Abstract

Almost all the scientific instruments foreseen to be installed on the European Extremely Large Telescope claim for the Sodium Laser Guide Stars for an effective adaptive correction, over a large fraction of the sky, of the wavefront aberrated by the atmospheric turbulence. These artificial sources present an elongated, irregular and time variable intensity profile due to the density variations of the Sodium layer, where they form. On the focal plane of a Shack- Hartmann wavefront sensor, the baseline sensor of the adaptive optics modules, the laser guide stars appear as elongated spots on the lenslet array focal plane. Thus the local wavefront measurements inside the sub-apertures require some investigations to evaluate the performance of advanced centroiding algorithms for the extended spots position measurement to reduce the residual wavefront error.
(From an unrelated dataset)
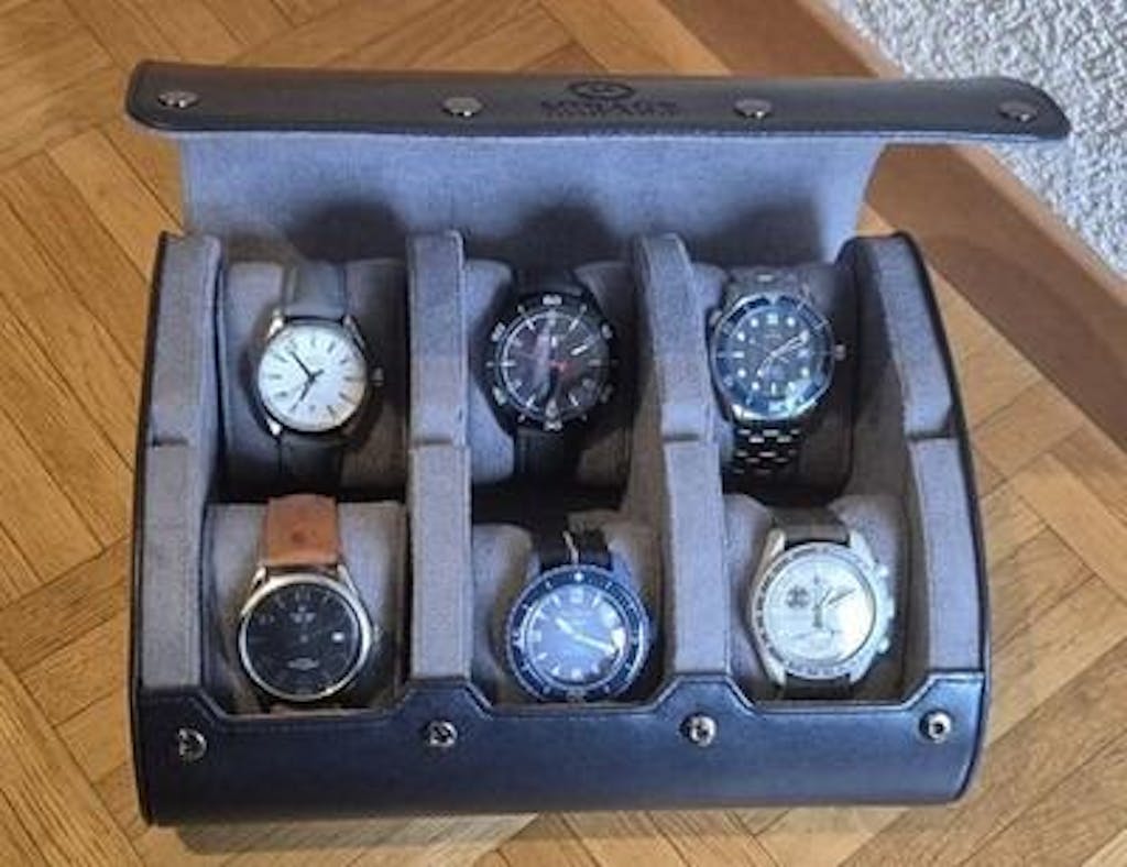 - Midnight blue vegan leather 6-watch case
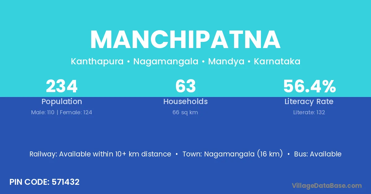 Nagamangala (16 km) is the nearest town to Manchipatna village for major economic activities and is located approximately 16 km away.

The laboratory prototype presented in this paper reproduces the expected conditions, for an Extremely Large Telescope case, when measuring the wavefront of a Laser Guide Star by means of a Shack-Hartmann wavefront sensor. A simplified version of the prototype has been successfully integrated and tested in 2010. We describe the design of new components, that permit to achieve the following features: a programmable setting of the elongated source intensity profile, to be able to reproduce realistically the time variable Sodium layer density vertical profile; the simulation, one at a time, of a multiple laser guide stars launching system by means of an optical derotator that rotates the elongated spot pattern on the detector plane; the implementation of a two layers turbulence model that introduces a differential wavefront aberration according to the azimuth angle of the laser guide stars and simulates the time evolution of the turbulence. The scheduled test program is finally presented.